Statistical analyses revealed significant large-sized effects (p < 0.001, 2.19 ≤ d ≤ 4.88, Table 2) of increasing task difficulty on the individual muscles activity (i.e., TA, GM, PL, VM, BF). Adjusted post hoc tests showed significant differences in muscle activity between low and high levels of task difficulty (all p-values ≤ 0.043, Table 2).

TABLE 2

Table 2. Mean EMG amplitudes for the individual muscles and the six levels of balance task difficulty.

A large main effect of BTD was observed for ankle muscle activity (F_{(1.9, 72.5)} = 81.5, p < 0.001, d = 2.93) in terms of mean EMG amplitude across the muscles (TA, GM, and PL). Post hoc tests with Bonferroni correction showed significant differences in muscle activity (Figure 4A) dependent on BTD between all levels (all p-values ≤ 0.039, 0.34 ≤ d ≤ 2.53) except between level 5 and 6.

FIGURE 4

Figure 4. Absolute mean EMG amplitude values with standard deviation for (A) the ankle (tibialis anterior, peroneus longus, gastrocnemius medialis) and (B) thigh muscles (vastus medialis, biceps femoris) and all six levels of balance task difficulty. Significant differences between levels are indicated by level number with respective asterisks according to the p-values defined in the legend.

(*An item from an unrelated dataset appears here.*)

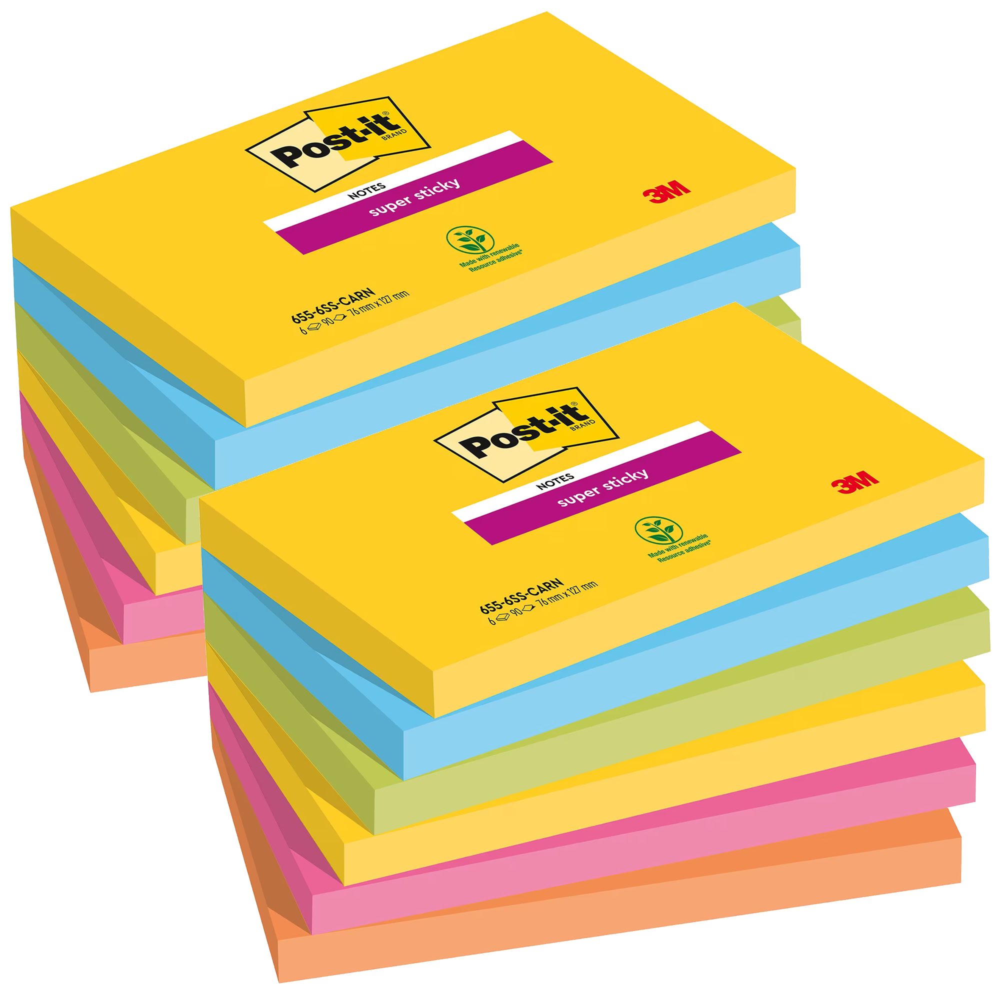 Noteer uw ideeën, maak een lijst van uw taken, schrijf een bericht op de kleurrijke Carnival Super Sticky Post-it notes.
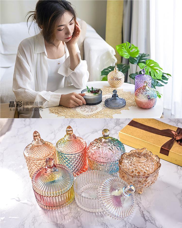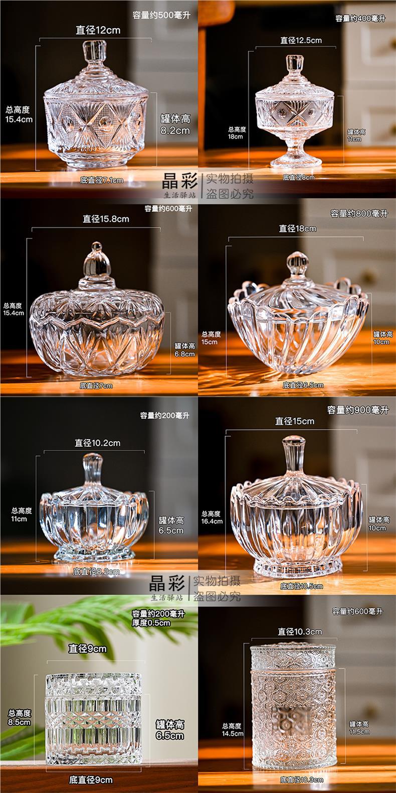 유럽식 유리 캔디 항아리 투명 보관 병 뚜껑 과일 그릇 설탕 항아리 조미료 항아리 재떨이 보석 상자 진 쑤언스토어 가기

Thigh muscle activity (VM, BF) showed a large main effect for BTD (F_{(2.5, 63.3)} = 40.4, p < 0.001, d = 2.54) as well. Pairwise comparison with corrected level of significance for multiple comparison showed significant differences in thigh muscle activity (Figure 4B) dependent on BTD between all levels (all p-values ≤ 0.008, 0.50 ≤ d ≤ 1.74) except between level 1 and 2, between level 3 and 4 as well as between level 5 and 6.

Effects of Balance Task Difficulty on Lower Limb Muscle Coactivation

RmANOVA revealed a large main effect for BTD on lower limb muscle coactivation (F_{(2.9, 34.6)} = 6.0, p = 0.002, d = 1.41) in terms of the CAI for muscles encompassing the ankle (TA-GM). Bonferroni-corrected pairwise comparison showed significant differences in muscle coactivation (Figure 5A) dependent of BTD between level 2 and 5 (p = 0.016, d = 1.39) as well as between level 2 and 6 (p = 0.022, d = 1.25).

FIGURE 5

Figure 5. Coactivation Index (CAI) values with standard deviation for the (A) tibialis anterior (TA) and gastrocnemius medialis (GM) and (B) the vastus medialis (VM) and biceps femoris (BF) and all six levels of balance task difficulty. Significant differences between levels are indicated by level number with respective asterisks according to the p-values defined in the legend.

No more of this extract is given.